RubyCrawl 🎭
Production-ready web crawler for Ruby powered by Ferrum — Full JavaScript rendering via Chrome DevTools Protocol, with first-class Rails support and no Node.js dependency.
RubyCrawl provides accurate, JavaScript-enabled web scraping using a pure Ruby browser automation stack. Perfect for extracting content from modern SPAs, dynamic websites, and building RAG knowledge bases.
Why RubyCrawl?
- ✅ Real browser — Handles JavaScript, AJAX, and SPAs correctly
- ✅ Pure Ruby — No Node.js, no npm, no external processes to manage
- ✅ Zero config — Works out of the box, no Ferrum knowledge needed
- ✅ Production-ready — Auto-retry, error handling, resource optimization
- ✅ Multi-page crawling — BFS algorithm with smart URL deduplication
- ✅ Rails-friendly — Generators, initializers, and ActiveJob integration
- ✅ Readability-powered — Mozilla Readability.js for article-quality extraction, heuristic fallback for all other pages
# One line to crawl any JavaScript-heavy site
result = RubyCrawl.crawl("https://docs.example.com")
result.html # Full HTML with JS rendered
result.clean_text # Noise-stripped plain text (no nav/footer/ads)
result.clean_markdown # Markdown ready for RAG pipelines
result.links # All links with url, text, title, rel
result.metadata # Title, description, OG tags, etc.Features
- Pure Ruby: Ferrum drives Chromium directly via CDP — no Node.js or npm required
- Production-ready: Designed for Rails apps with auto-retry and exponential backoff
- Simple API: Clean Ruby interface — zero Ferrum or CDP knowledge required
- Resource optimization: Built-in resource blocking for 2-3x faster crawls
- Auto-managed browsers: Lazy Chrome singleton, isolated page per crawl
-
Content extraction: Mozilla Readability.js (primary) + link-density heuristic (fallback) — article-quality
clean_html,clean_text,clean_markdown, links, metadata - Multi-page crawling: BFS crawler with configurable depth limits and URL deduplication
- Smart URL handling: Automatic normalization, tracking parameter removal, same-host filtering
- Rails integration: First-class Rails support with generators and initializers
Table of Contents
- Installation
- Quick Start
- Use Cases
- Usage
- Basic Crawling
- Multi-Page Crawling
- Configuration
- Result Object
- Error Handling
- Rails Integration
- Production Deployment
- Architecture
- Performance
- Development
- Contributing
- License
Installation
Requirements
- Ruby >= 3.0
- Chrome or Chromium — managed automatically by Ferrum (downloaded on first use)
Add to Gemfile
gem "rubycrawl"Then install:
bundle installInstall Chrome
Ferrum manages Chrome automatically. Run the install task to verify Chrome is available and generate a Rails initializer:
bundle exec rake rubycrawl:installThis command:
- ✅ Checks for Chrome/Chromium in your PATH
- ✅ Creates a Rails initializer (if using Rails)
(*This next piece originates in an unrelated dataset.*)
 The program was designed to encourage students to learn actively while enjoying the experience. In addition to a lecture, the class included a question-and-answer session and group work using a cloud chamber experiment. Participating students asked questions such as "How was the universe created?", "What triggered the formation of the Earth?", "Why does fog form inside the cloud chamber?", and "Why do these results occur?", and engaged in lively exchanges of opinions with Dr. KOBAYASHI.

Note: If Chrome is not in your PATH, install it via your system package manager or download from google.com/chrome.
Quick Start
require "rubycrawl"
# Simple crawl
result = RubyCrawl.crawl("https://example.com")
# Access extracted content
result.final_url # Final URL after redirects
result.clean_text # Noise-stripped plain text (no nav/footer/ads)
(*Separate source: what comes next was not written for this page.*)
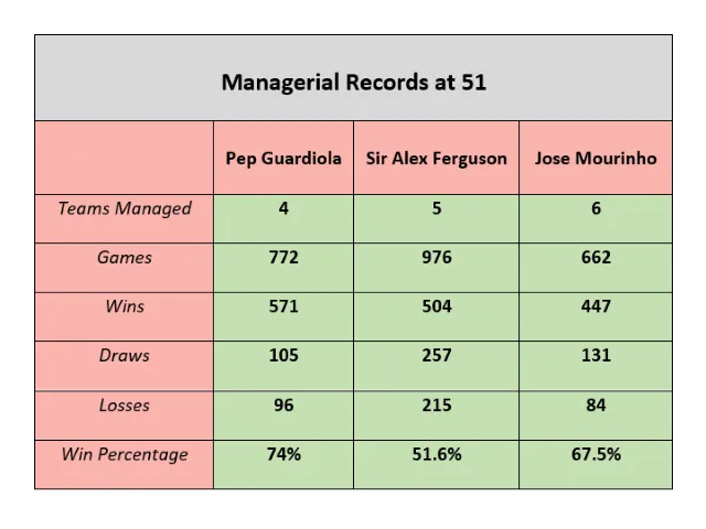 When comparing Guardiola with both Ferguson and Mourinho, it is clear that all three coaches have had a significant influence on the teams they have managed and were hugely successful as a result. While both Ferguson and Mourinho did not begin at the very top like Guardiola, the latter has still managed to claim 15 and 11 more trophies than the Scotsman and the Portuguese respectively before the age of 51. In addition, Guardiola's outstanding win percentage of 74% is far superior to Ferguson's 51.6% and Mourinho's 67.5%.

result.clean_html # Noise-stripped HTML (same noise removed as clean_text)
result.raw_text # Full body.innerText (unfiltered)
result.html # Full raw HTML content
result.links # Extracted links with url, text, title, rel
result.metadata # Title, description, OG tags, etc.
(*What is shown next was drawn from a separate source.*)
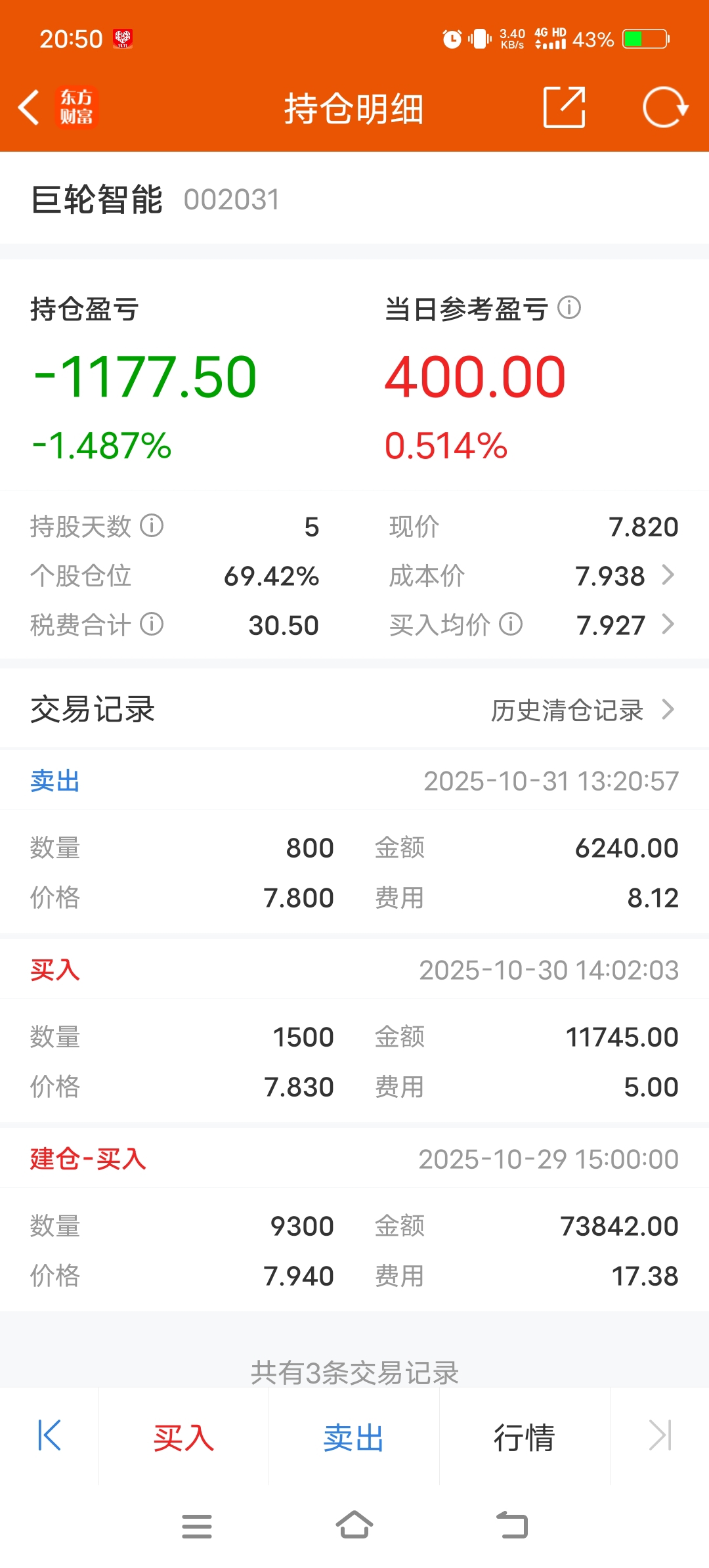 $巨轮智能(SZ002031)$ 持股第五天,慢慢回血

result.metadata['extractor'] # "readability" or "heuristic" — which extractor ran
result.clean_markdown # Markdown converted from clean_html (lazy — first access only)Use Cases
RubyCrawl is perfect for:
- RAG applications: Build knowledge bases for LLM/AI applications by crawling documentation sites
- Data aggregation: Crawl product catalogs, job listings, or news articles
- SEO analysis: Extract metadata, links, and content structure
- Content migration: Convert existing sites to Markdown for static site generators
- Documentation scraping: Create local copies of documentation with preserved links
Usage
Basic Crawling
result = RubyCrawl.crawl("https://example.com")
result.html # => "<html>...</html>"
result.clean_text # => "Example Domain\n\nThis domain is..." (no nav/ads)
result.raw_text # => "Example Domain\nThis domain is..." (full body text)
result.metadata # => { "final_url" => "https://example.com", "title" => "..." }Multi-Page Crawling
Crawl an entire site following links with BFS (breadth-first search):
# Crawl up to 100 pages, max 3 links deep
RubyCrawl.crawl_site("https://example.com", max_pages: 100, max_depth: 3) do |page|
# Each page is yielded as it's crawled (streaming)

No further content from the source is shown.